* _EXERCISE DIRECTIONS_
Copy out exactly, and only, the lines from the one containing "在〈新埔詹家黃金風鈴木,花季已經過了最盛開的時候,地上有朵朵的落花。〉中" through the end of the entries. No pictures.

* _EXTRACTED INFORMATION_
====

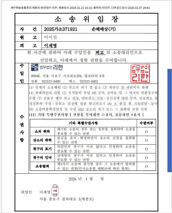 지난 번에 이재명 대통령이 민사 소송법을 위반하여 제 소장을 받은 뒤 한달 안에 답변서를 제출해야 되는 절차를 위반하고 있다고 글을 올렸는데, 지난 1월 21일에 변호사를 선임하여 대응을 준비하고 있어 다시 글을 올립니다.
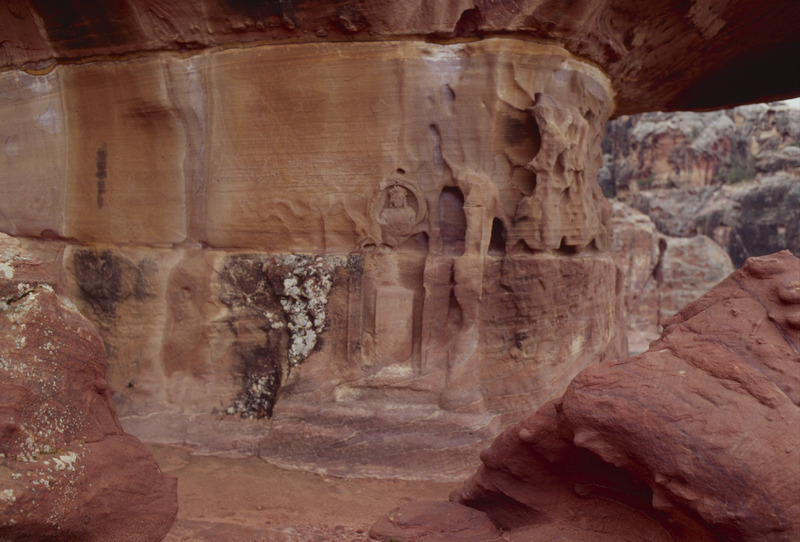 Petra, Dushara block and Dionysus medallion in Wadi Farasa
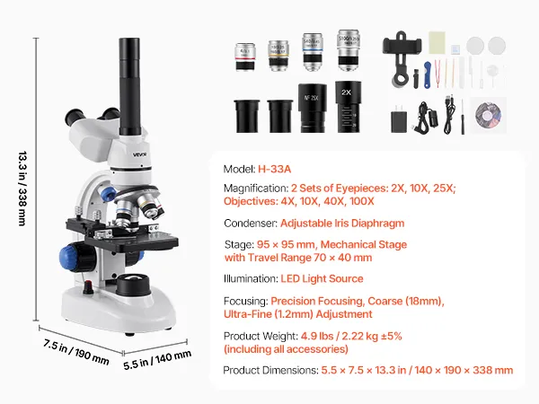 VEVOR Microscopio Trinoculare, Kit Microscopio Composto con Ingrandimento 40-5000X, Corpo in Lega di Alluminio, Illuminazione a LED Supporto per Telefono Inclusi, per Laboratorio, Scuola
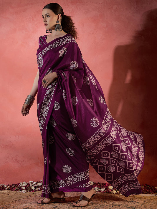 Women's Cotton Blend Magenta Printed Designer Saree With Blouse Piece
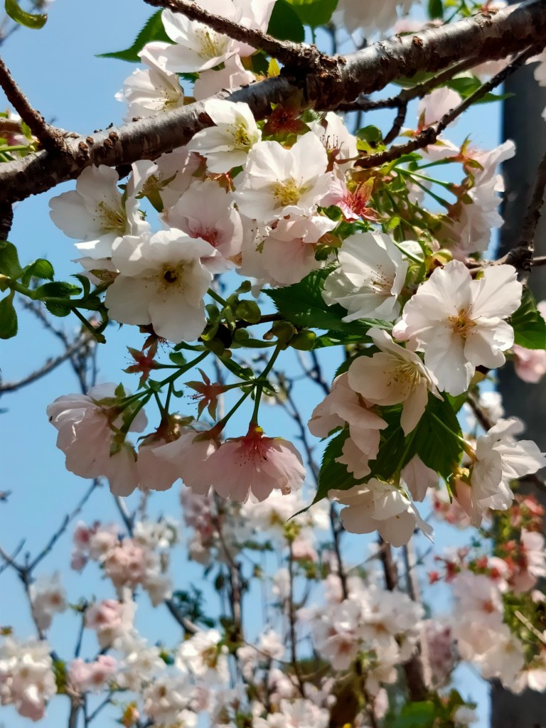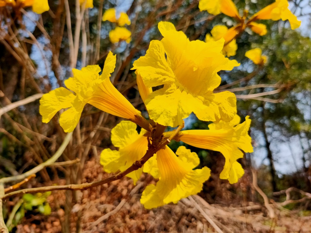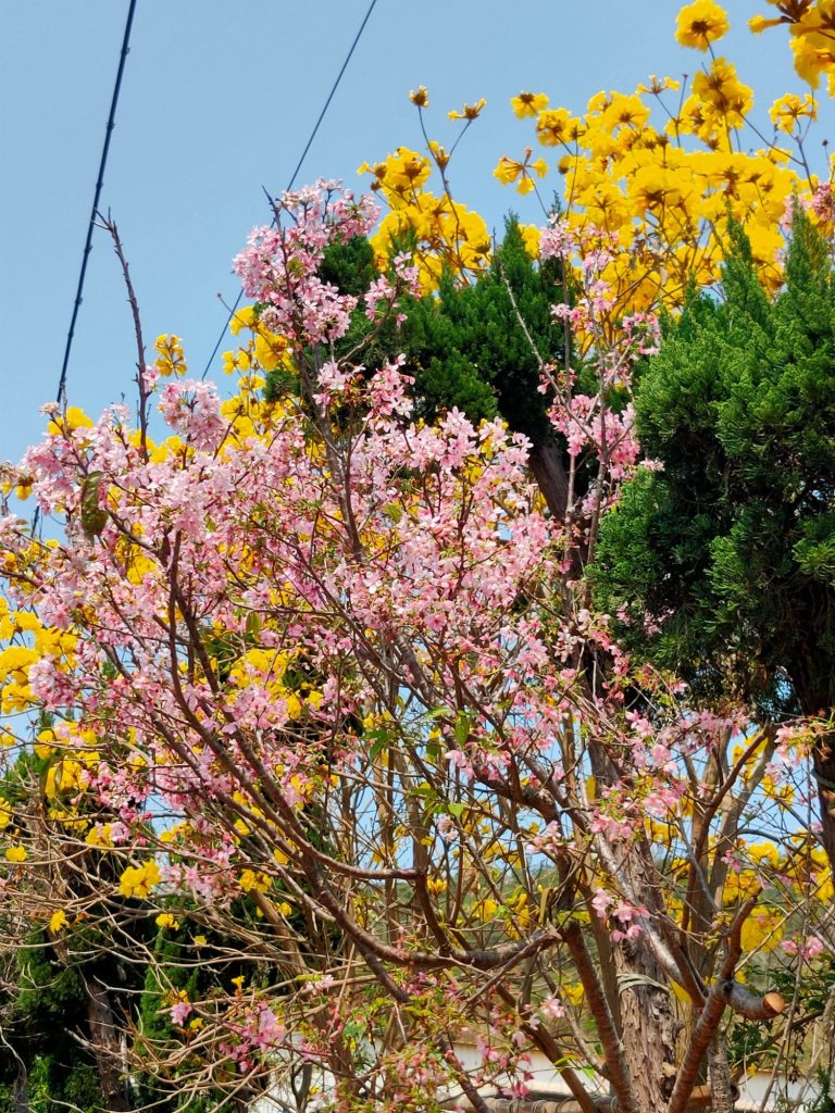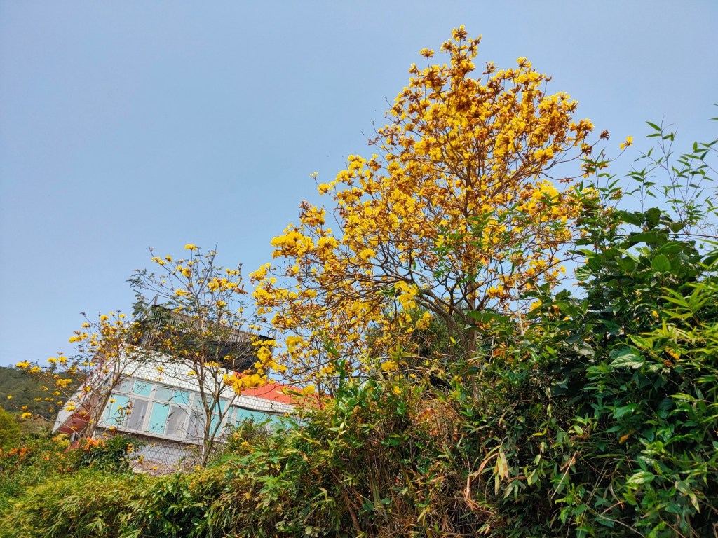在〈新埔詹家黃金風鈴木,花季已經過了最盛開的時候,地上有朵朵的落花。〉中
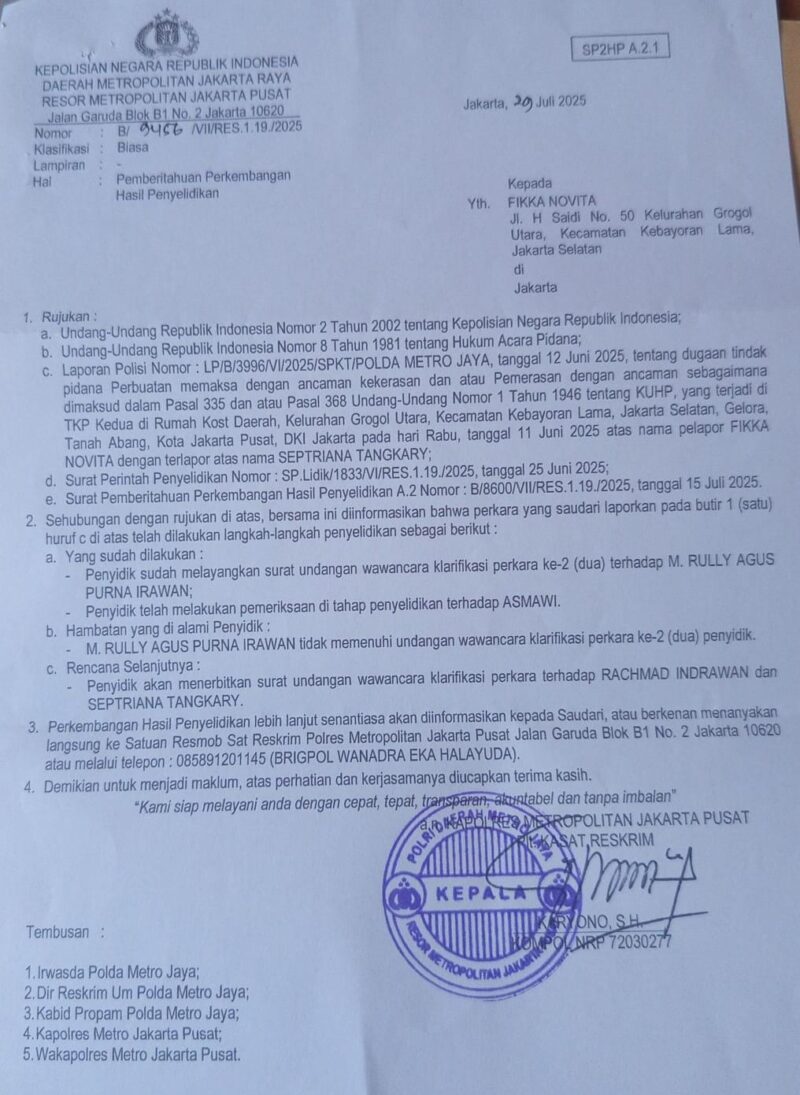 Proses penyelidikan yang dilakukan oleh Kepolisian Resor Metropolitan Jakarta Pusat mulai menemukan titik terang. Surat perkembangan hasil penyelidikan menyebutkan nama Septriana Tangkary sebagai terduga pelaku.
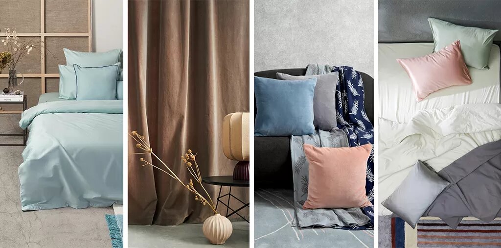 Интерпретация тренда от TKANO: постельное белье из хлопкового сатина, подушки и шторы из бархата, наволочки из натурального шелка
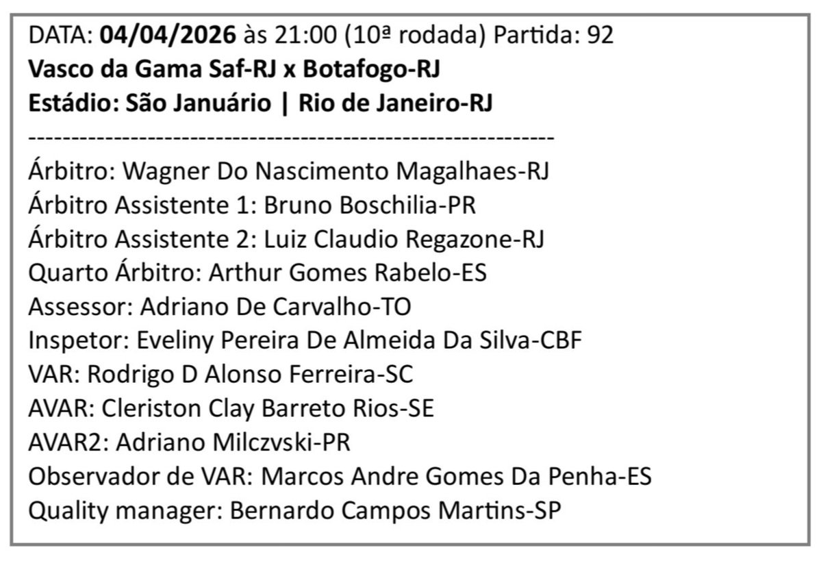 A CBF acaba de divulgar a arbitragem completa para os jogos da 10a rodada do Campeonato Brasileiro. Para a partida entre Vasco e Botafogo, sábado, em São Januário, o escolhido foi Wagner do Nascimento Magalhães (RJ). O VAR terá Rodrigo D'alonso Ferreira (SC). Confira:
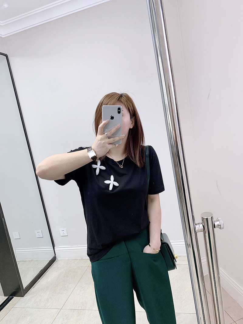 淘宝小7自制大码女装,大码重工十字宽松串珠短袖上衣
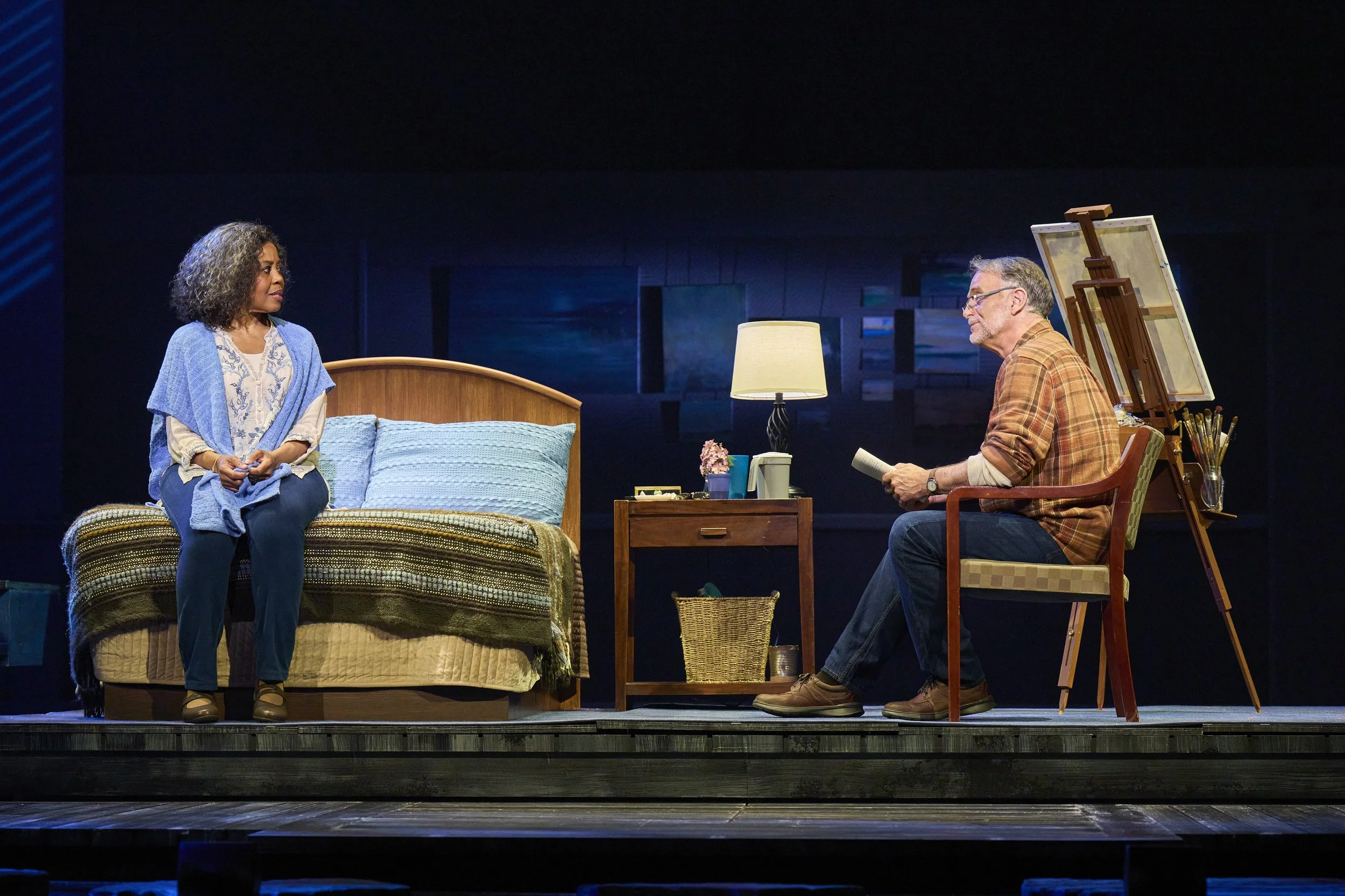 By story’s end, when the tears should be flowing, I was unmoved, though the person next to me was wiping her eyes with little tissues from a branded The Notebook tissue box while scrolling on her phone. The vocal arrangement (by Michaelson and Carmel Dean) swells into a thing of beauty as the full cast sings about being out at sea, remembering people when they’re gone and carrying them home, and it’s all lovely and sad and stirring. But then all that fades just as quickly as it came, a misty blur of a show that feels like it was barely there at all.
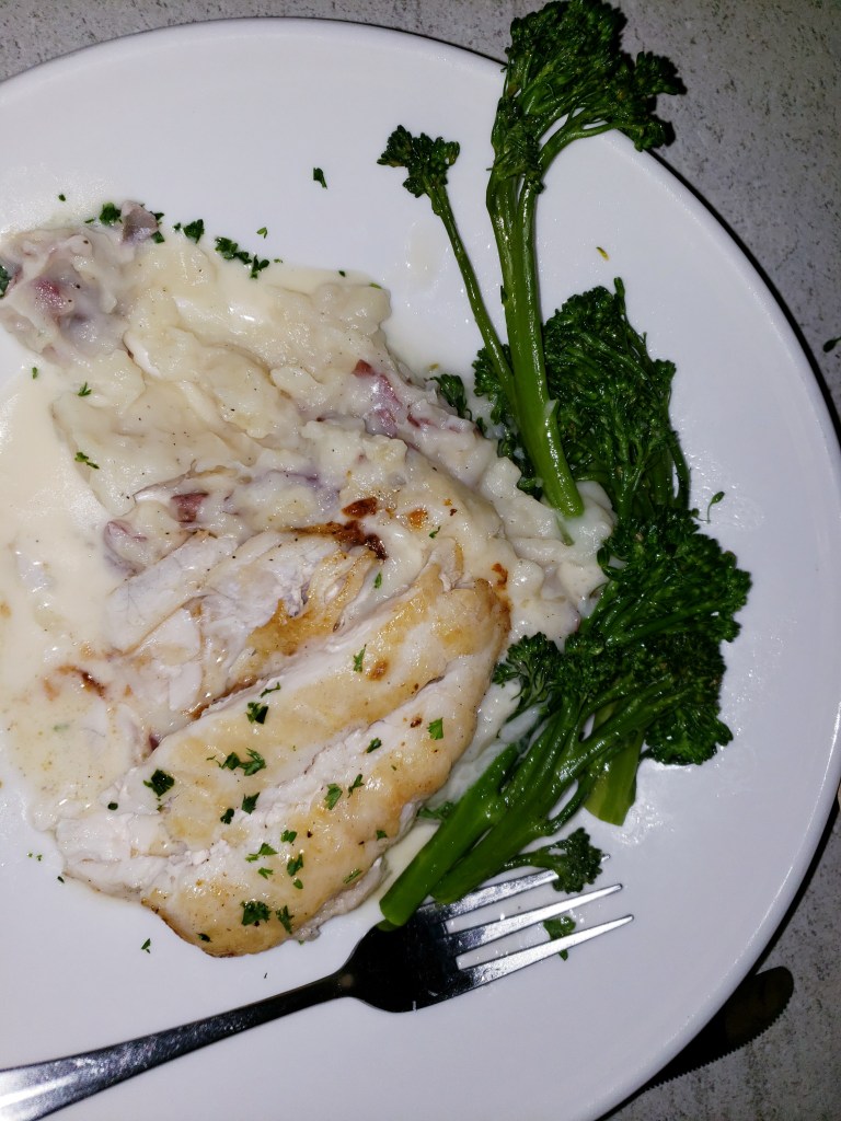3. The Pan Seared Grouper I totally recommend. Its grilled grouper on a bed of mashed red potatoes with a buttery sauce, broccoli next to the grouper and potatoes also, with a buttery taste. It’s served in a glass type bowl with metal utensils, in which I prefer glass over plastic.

====

* _EXERCISE RESULT_
在〈新埔詹家黃金風鈴木,花季已經過了最盛開的時候,地上有朵朵的落花。〉中
 Proses penyelidikan yang dilakukan oleh Kepolisian Resor Metropolitan Jakarta Pusat mulai menemukan titik terang. Surat perkembangan hasil penyelidikan menyebutkan nama Septriana Tangkary sebagai terduga pelaku.
 Интерпретация тренда от TKANO: постельное белье из хлопкового сатина, подушки и шторы из бархата, наволочки из натурального шелка
 A CBF acaba de divulgar a arbitragem completa para os jogos da 10a rodada do Campeonato Brasileiro. Para a partida entre Vasco e Botafogo, sábado, em São Januário, o escolhido foi Wagner do Nascimento Magalhães (RJ). O VAR terá Rodrigo D'alonso Ferreira (SC). Confira:
 淘宝小7自制大码女装,大码重工十字宽松串珠短袖上衣
 By story’s end, when the tears should be flowing, I was unmoved, though the person next to me was wiping her eyes with little tissues from a branded The Notebook tissue box while scrolling on her phone. The vocal arrangement (by Michaelson and Carmel Dean) swells into a thing of beauty as the full cast sings about being out at sea, remembering people when they’re gone and carrying them home, and it’s all lovely and sad and stirring. But then all that fades just as quickly as it came, a misty blur of a show that feels like it was barely there at all.
3. The Pan Seared Grouper I totally recommend. Its grilled grouper on a bed of mashed red potatoes with a buttery sauce, broccoli next to the grouper and potatoes also, with a buttery taste. It’s served in a glass type bowl with metal utensils, in which I prefer glass over plastic.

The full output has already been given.